__Task to carry out__:
A verbatim copy of the full data, with no pictures, is the expected answer.

__Data provided__:
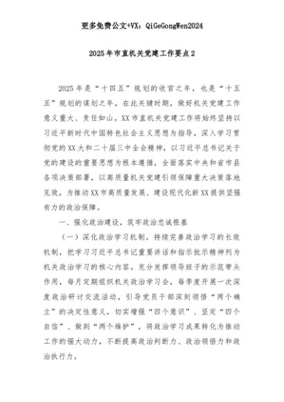 【七哥公文】2025年:2025年市直机关党建工作要点2+更多免费公文+VX:QiGeGongWen2024+更多免费公文+VX:QiGeGongWen2024
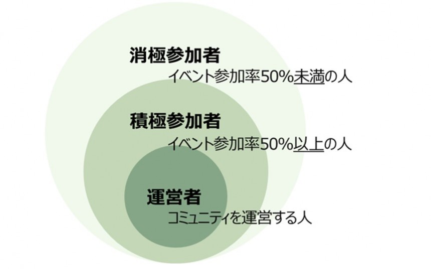 コミュニティに関わると言っても、関わり方のその度合いは人によって様々です。そこで今回の研究では、その関わり方(立場)を「消極参加者」「積極参加者」「運営者」の3つに区分けしました(図1)。
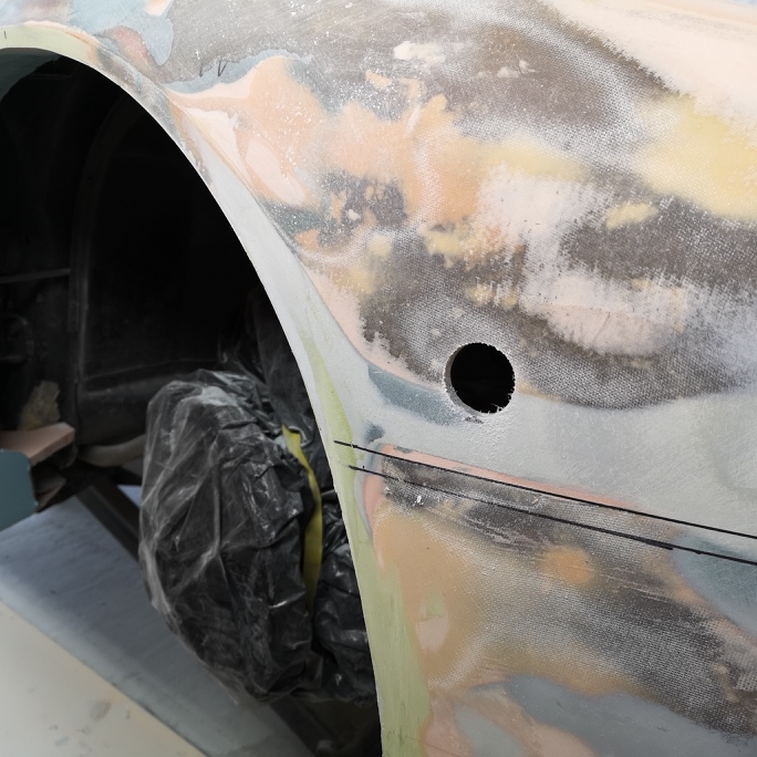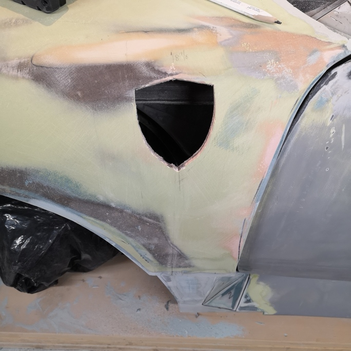 For those following the build it’s been a lot of Block sanding !!!! To 120 grit. Since the last Post I Ended up adding some end caps to the fender and center fill , I found there was to much flex between the pieces making it difficult to block sand . The parts now are attached with riv nuts and 10-32 bolts very solid now. Don O. Also felt I needed to narrow the gap along the roof where the rear sail plane attaches. I’m hoping to spray it again this weekend with thinned slick sand in preparation for the final sand to 600 before painting. I’ll post some pics later.
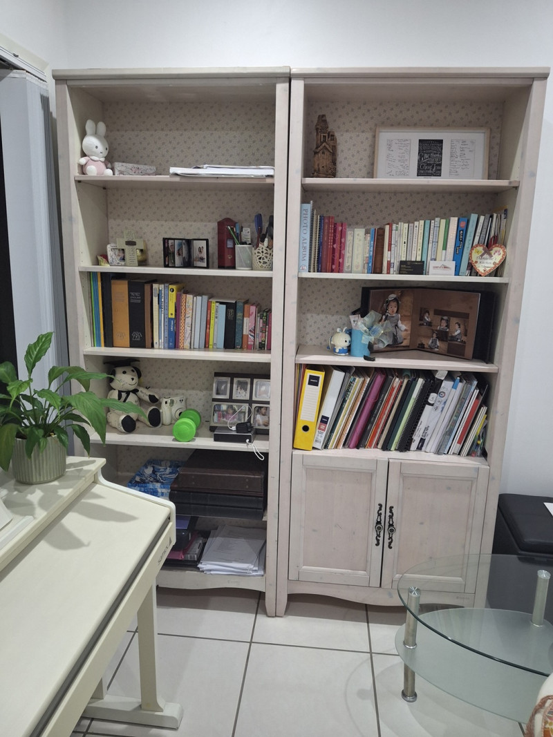 두개 책장 $150. 친환경 제품입니다. 롯데백화점에서 판매하는 스칸디아 제품이구요. 약간 핑크빛이 도는 제품입니다. 친환경 무늬목입니다. 두개가 세트구요.

__Response to the task__:
 【七哥公文】2025年:2025年市直机关党建工作要点2+更多免费公文+VX:QiGeGongWen2024+更多免费公文+VX:QiGeGongWen2024
 コミュニティに関わると言っても、関わり方のその度合いは人によって様々です。そこで今回の研究では、その関わり方(立場)を「消極参加者」「積極参加者」「運営者」の3つに区分けしました(図1)。
 For those following the build it’s been a lot of Block sanding !!!! To 120 grit. Since the last Post I Ended up adding some end caps to the fender and center fill , I found there was to much flex between the pieces making it difficult to block sand . The parts now are attached with riv nuts and 10-32 bolts very solid now. Don O. Also felt I needed to narrow the gap along the roof where the rear sail plane attaches. I’m hoping to spray it again this weekend with thinned slick sand in preparation for the final sand to 600 before painting. I’ll post some pics later.
 두개 책장 $150. 친환경 제품입니다. 롯데백화점에서 판매하는 스칸디아 제품이구요. 약간 핑크빛이 도는 제품입니다. 친환경 무늬목입니다. 두개가 세트구요.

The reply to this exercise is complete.